3.1. CH4 Concentration and Corresponding δ13CH4 and δ13CO2 in Pore Water
 CH4 concentration in pore water increased obviously in the fallow season and peaked on 5 June (Figure 1a). After rice transplanting, it descended markedly but soon turned upward to a second peak on 12 October. It ranged from 6 to 398 μM L−1 in the fallow season and from 21 to 336 μM L−1 during the following rice season. Pore water CH4 was relatively constant in δ13C value, around −65‰ in the early fallow season but increased to −60‰ in the late period (Figure 1b). After rice transplanting, the value increased markedly again to about −55‰ in the beginning and nearly unchanged between July and August. Nevertheless, it declined rapidly to −68‰ at the end. In general, pore water CH4 was relatively 13C depleted, with δ13C values about −65‰ for the most of the season. CO2 in pore water exhibited a rather heterogeneous temporal variation pattern in δ13C value (Figure 1c). In the fallow season, it gradually became 13C depleted and its δ13C value decreased from −15‰ to −21‰. However, in the rice season, the value increased again to −16‰.

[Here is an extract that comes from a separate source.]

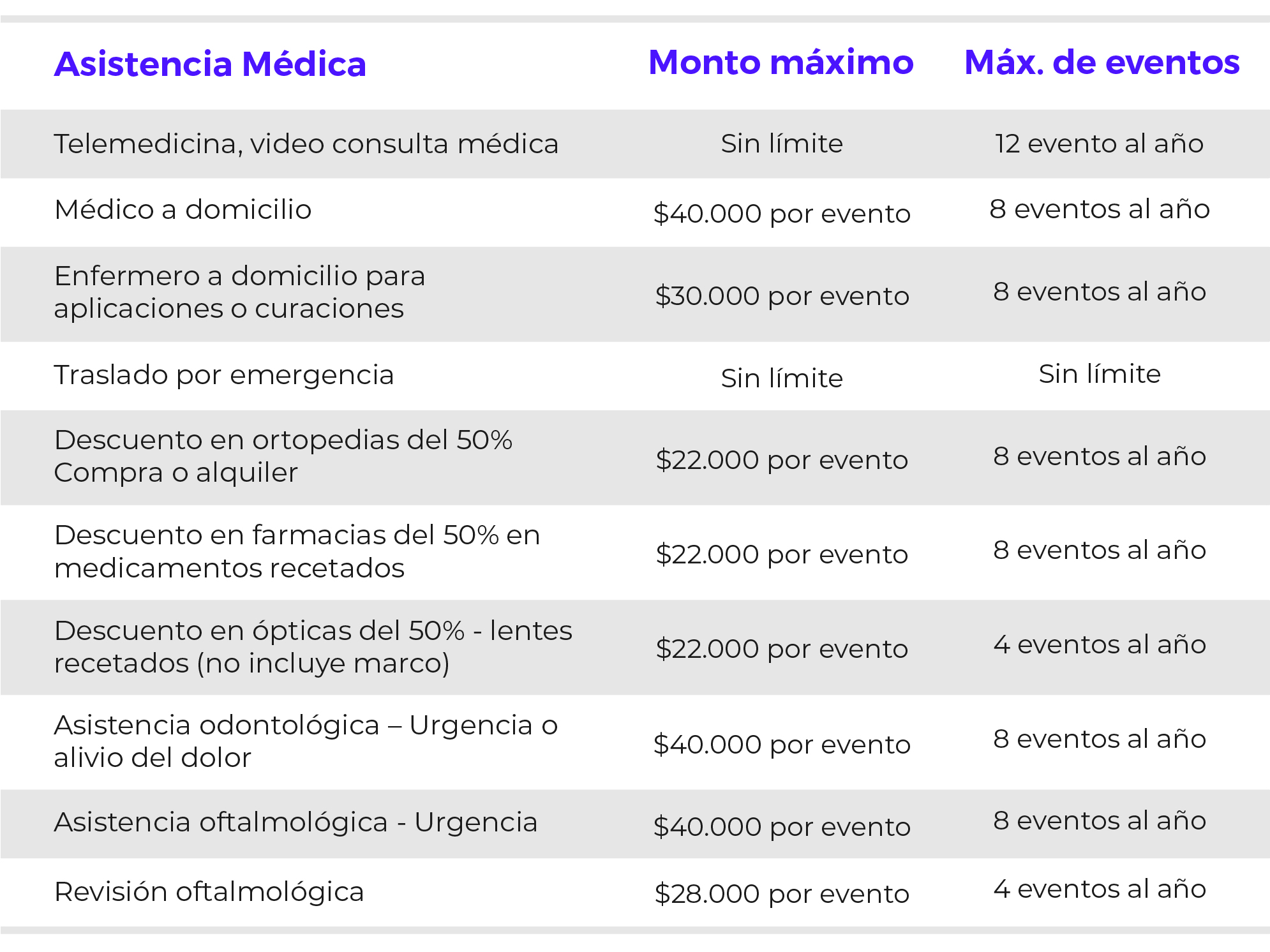 Cobertura: $35.000 por evento

3.2. CH4 Concentration and Corresponding δ13CH4 in Floodwater
 As expected, CH4 concentration in floodwater was very low (<7 μM L−1) over the season and was significantly lower than that in pore water (Figure 1a). CH4 in floodwater was also measured for δ13C value (Figure 1b). After a short 13C depletion in the fallow season, floodwater CH4 first became heavier, with δ13C values from −45‰ to −34‰. Subsequently, the value decreased to −45‰ at the end. After rice transplanting, it again increased during the season from −50‰ to −40‰. Obviously, floodwater CH4 was more 13C enriched in contrast to pore water CH4 during the whole observational period (Figure 1b).

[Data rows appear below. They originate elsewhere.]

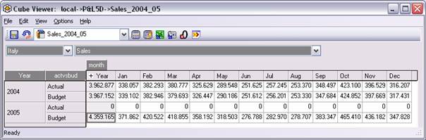 The reference cell is Year, Actual . Now we want to increase this value by 10% for the planning of Year, Budget while keeping the ratio in the months constantly.
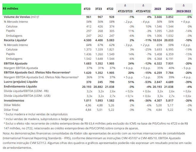 Klabin registra EBITDA Ajustado de R$ 6,259 bilhões em 2023¹
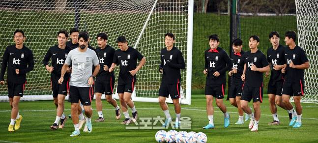 축구대표팀 선수들이 25일 카타르 도하 에글라 트레이닝센터에서 훈련을 하고 있다.

3.3. CH4 Emission and Corresponding δ13CH4
 Pronounced temporal variation of CH4 flux was observed (Figure 2). In the fallow season, a large CH4 flux was observed just 20 days before rice transplanting. Afterward, it increased quickly at the beginning of the rice season and varied significantly, peaking (23.1–29.8 mg CH4 m−2 h−1) twice in July and August, separately. Final drainage before rice harvest led to a brief increase in flux, which was followed by a rapid decrease, probably because of the fact that the CH4 stored in the soil got released after disappearance of the floodwater layer (Figure 1a). The total CH4 emission in the fallow season was 3.3 g CH4 m−2, accounting for 8.9% of the annual total emission. Significant changes in soil temperature were also recorded (Figure 2), with a mean value of 13.2°C in the fallow season and 24.4°C during the rice season. The flux tallied well with soil temperature in temporal variation, and statistical analysis also showed a significant positive correlation between the two over the season (r = 0.635 and 0.732, respectively, P <0.01).

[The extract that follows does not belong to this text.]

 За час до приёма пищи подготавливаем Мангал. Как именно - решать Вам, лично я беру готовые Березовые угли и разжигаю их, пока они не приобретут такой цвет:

 Similar to the flux of CH4, δ13C value of emitted CH4 also varied apparently as is shown in Figure 1b. Since little flux was detected until April 2009, measurement of δ13CH4 began in the late fallow season. Before rice transplanting, it increased from −51‰ to −44‰ at the beginning and then dropped rapidly at the end. After rice transplanting, the emitted CH4 was 13C depleted with δ13C values being around −65‰ in most of the rice season. Late in the rice season, however, the emitted CH4 became heavier. The impact of the final drainage on δ13C value of emitted CH4 was remarkable (Figure 1b). Emitted CH4 was significantly enriched in 13C 1 day after the final drainage, with δ13C value increased markedly to −51‰. The value declined rapidly to −62‰ just 2 days later but ascended again to −48‰ in the 2 days that followed. Taken as a whole, the δ13C value of emitted CH4 was more positive in the fallow season (from −56‰ to −44‰) than in the following rice season (from −68‰ to −48‰). Notably, temporal variation of CH4 flux was negatively related to δ13C value of emitted CH4 (3Figure 3, r = −0.875, P <0.01).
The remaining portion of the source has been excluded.